* _PROBLEM_
Output the first line of the listing and each line after it, up to and including the line that contains "リスキリングへの取り組みが長く働く意欲に繋がる割合が約6割。", exactly as written, minus the pictures.
____
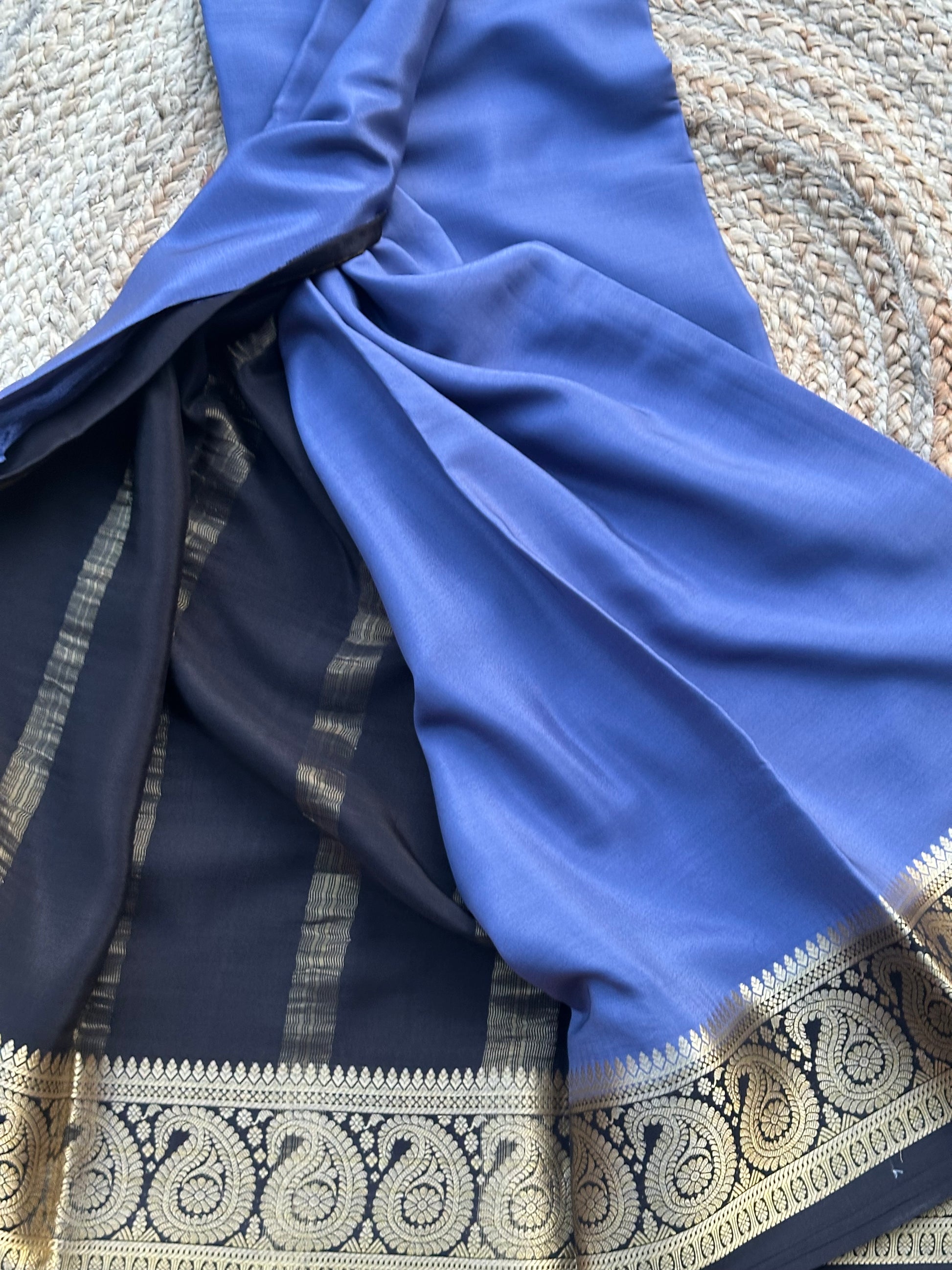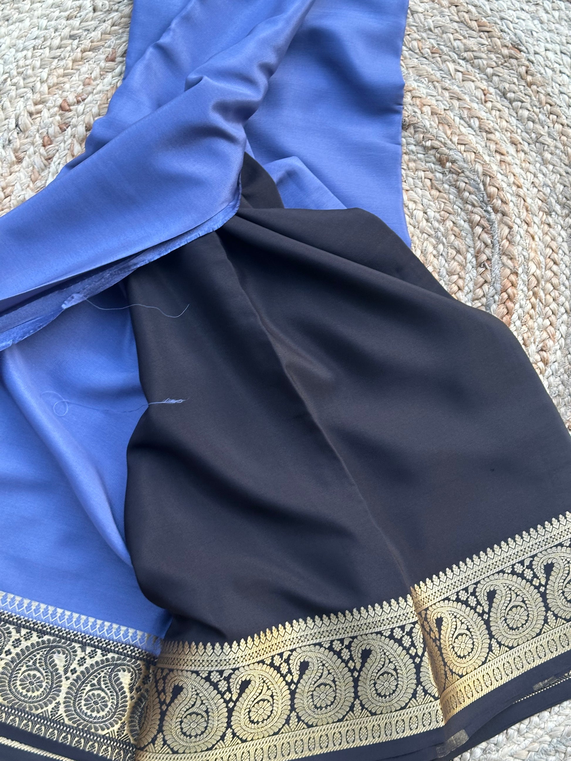 Grey with black pure crepe Mysore Silk sarees 120 gsm
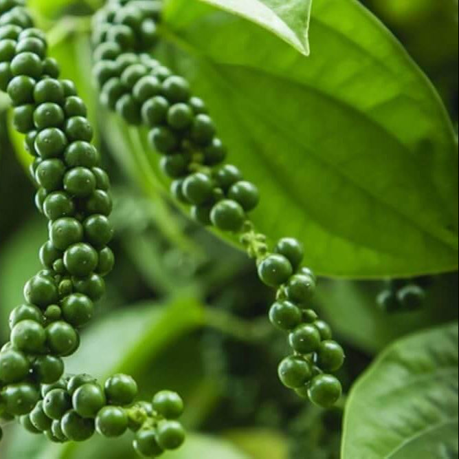 Green Piper nigrum plants are tropical, perennial climbing vines with a woody growth habit that develop long trailing stems when provided with support. They are best suited to warm, humid climates and are typically grown in frost-free regions or controlled environments. Plants grown from seed establish gradually and benefit from consistent warmth, filtered sunlight, and well-drained soil with regular moisture. This species is commonly cultivated on trellises, poles, or supports in gardens, greenhouses, or large containers where climbing growth can be managed.
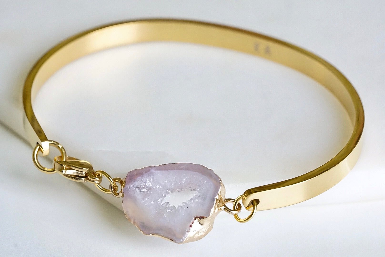 Gold And White Natural Stone Hypoallergenic Nickel Free Bangle Cuff Bracelet. Custom Agate Slices Raw Natural Stone Accents And Designed With Love In Texas. Size Small, Medium, Large, and Extra Large Ranging From 6.25 - 7.25 Inch Circumference With Custom Sizing Available On Select Pieces.
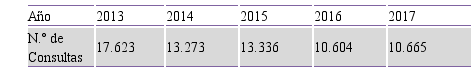 La atención a las poblaciones vulnerables y de difícil acceso, resultado de la continuidad de las atenciones brindadas por las clínicas móviles (buses odontológicos), realizando procedimientos odontológicos que incluían tratamientos preventivos, curativos, de rehabilitación y actividades de promoción de la SBD. En el tabla 5 se muestran las consultas realizadas en las clínicas móviles durante el periodo 2013-2017.
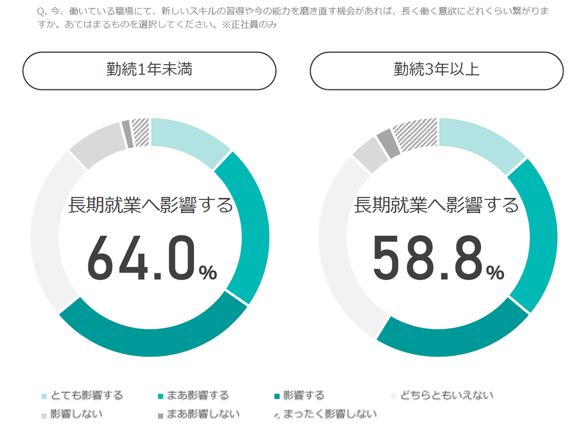 リスキリングへの取り組みが長く働く意欲に繋がる割合が約6割。
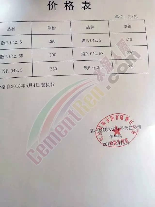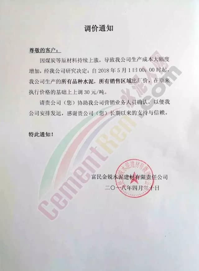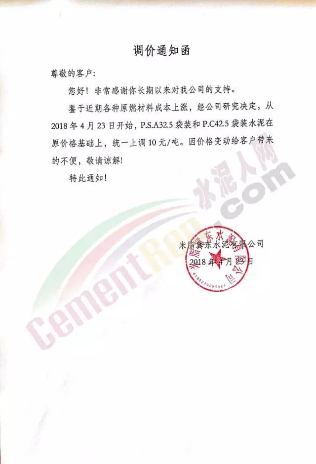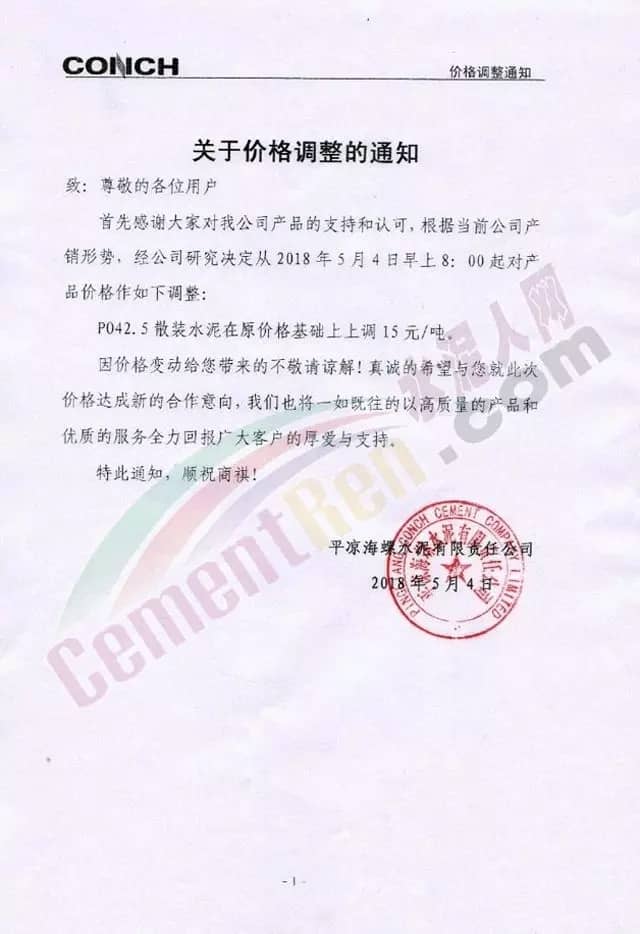 同期,甘肅平?jīng)龊B菟嗤ㄖ掠慰蛻?,根?jù)當(dāng)前公司的產(chǎn)銷形勢,PO42.5散裝水泥在原價(jià)基礎(chǔ)上上調(diào)15元/噸。
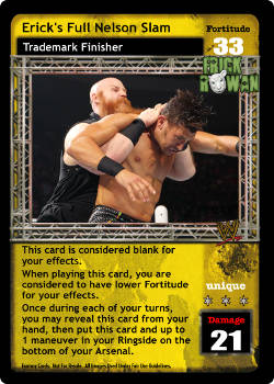 This card is considered blank for your effects. When playing this card, you are considered to have lower Fortitude for your effects. Once during each of your turns, you may reveal this card from your hand, then put this card and up to 1 maneuver in your Ringside on the bottom of your Arsenal.
____
* _ANSWER FOR THE TASK_
 Grey with black pure crepe Mysore Silk sarees 120 gsm
 Green Piper nigrum plants are tropical, perennial climbing vines with a woody growth habit that develop long trailing stems when provided with support. They are best suited to warm, humid climates and are typically grown in frost-free regions or controlled environments. Plants grown from seed establish gradually and benefit from consistent warmth, filtered sunlight, and well-drained soil with regular moisture. This species is commonly cultivated on trellises, poles, or supports in gardens, greenhouses, or large containers where climbing growth can be managed.
 Gold And White Natural Stone Hypoallergenic Nickel Free Bangle Cuff Bracelet. Custom Agate Slices Raw Natural Stone Accents And Designed With Love In Texas. Size Small, Medium, Large, and Extra Large Ranging From 6.25 - 7.25 Inch Circumference With Custom Sizing Available On Select Pieces.
 La atención a las poblaciones vulnerables y de difícil acceso, resultado de la continuidad de las atenciones brindadas por las clínicas móviles (buses odontológicos), realizando procedimientos odontológicos que incluían tratamientos preventivos, curativos, de rehabilitación y actividades de promoción de la SBD. En el tabla 5 se muestran las consultas realizadas en las clínicas móviles durante el periodo 2013-2017.
 リスキリングへの取り組みが長く働く意欲に繋がる割合が約6割。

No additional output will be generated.